= Schlosser's base =

Schlosser's base (or Lochmann-Schlosser base) describes various superbasic mixtures of an alkyllithium compound and a potassium alkoxide. The reagent is named after Manfred Schlosser, although he uses the term LICKOR superbase (LIC denoting the alkyllithium, and KOR denoting the potassium alkoxide). The superbasic nature of the reagent is a consequence of the in situ formation of the corresponding organopotassium compound, as well as changes to the aggregation state of the alkyllithium species.

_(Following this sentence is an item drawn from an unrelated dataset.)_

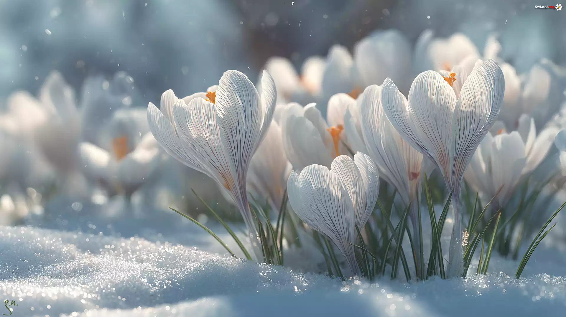 Kwiat Białe, Krokusy, Śnieg, Grafika AI

==Preparation and reactivity==
Commonly, the mixture called Schlosser's base is produced by combining n-butyllithium and potassium tert-butoxide in a one-to-one ratio.

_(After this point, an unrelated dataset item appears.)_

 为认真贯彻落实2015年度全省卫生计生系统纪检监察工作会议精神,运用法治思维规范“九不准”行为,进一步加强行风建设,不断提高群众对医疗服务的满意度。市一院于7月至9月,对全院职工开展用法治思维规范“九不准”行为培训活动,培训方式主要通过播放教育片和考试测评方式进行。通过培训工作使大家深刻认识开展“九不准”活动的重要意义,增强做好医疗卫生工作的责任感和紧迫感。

The high reactivity of Schlosser's base is exploited in synthetic organic chemistry for the preparation of organometallic reagents. For example, potassium benzyl can be prepared from toluene using this reagent. Benzene and cis/trans-2-butene are also readily metalated by Schlosser's base. Toluene, benzene, and butenes react only slowly with alkyllithium reagents and not at all with potassium alkoxides, yet they react rapidly with a mixture of the two. Although there are similarities, the reactivities of Schlosser's base and the isolated alkylpotassium reagent are not identical.

==Structure==
The structure of Schlosser's base is complex. A study of the base prepared from neopentyllithium (neo-C_{5}H_{11}Li) and potassium t-butoxide (t-BuOK) has led to the spectroscopic and crystallographic identification of a series of constituent bimetallic clusters: Li_{x}K_{y}(neo-C_{5}H_{11})_{z}(t-BuO)_{w}, x + y = z + w = 7 or 8, in equilibrium with neopentylpotassium (neo-C_{5}H_{11}K) and lithium t-butoxide (t-BuOLi).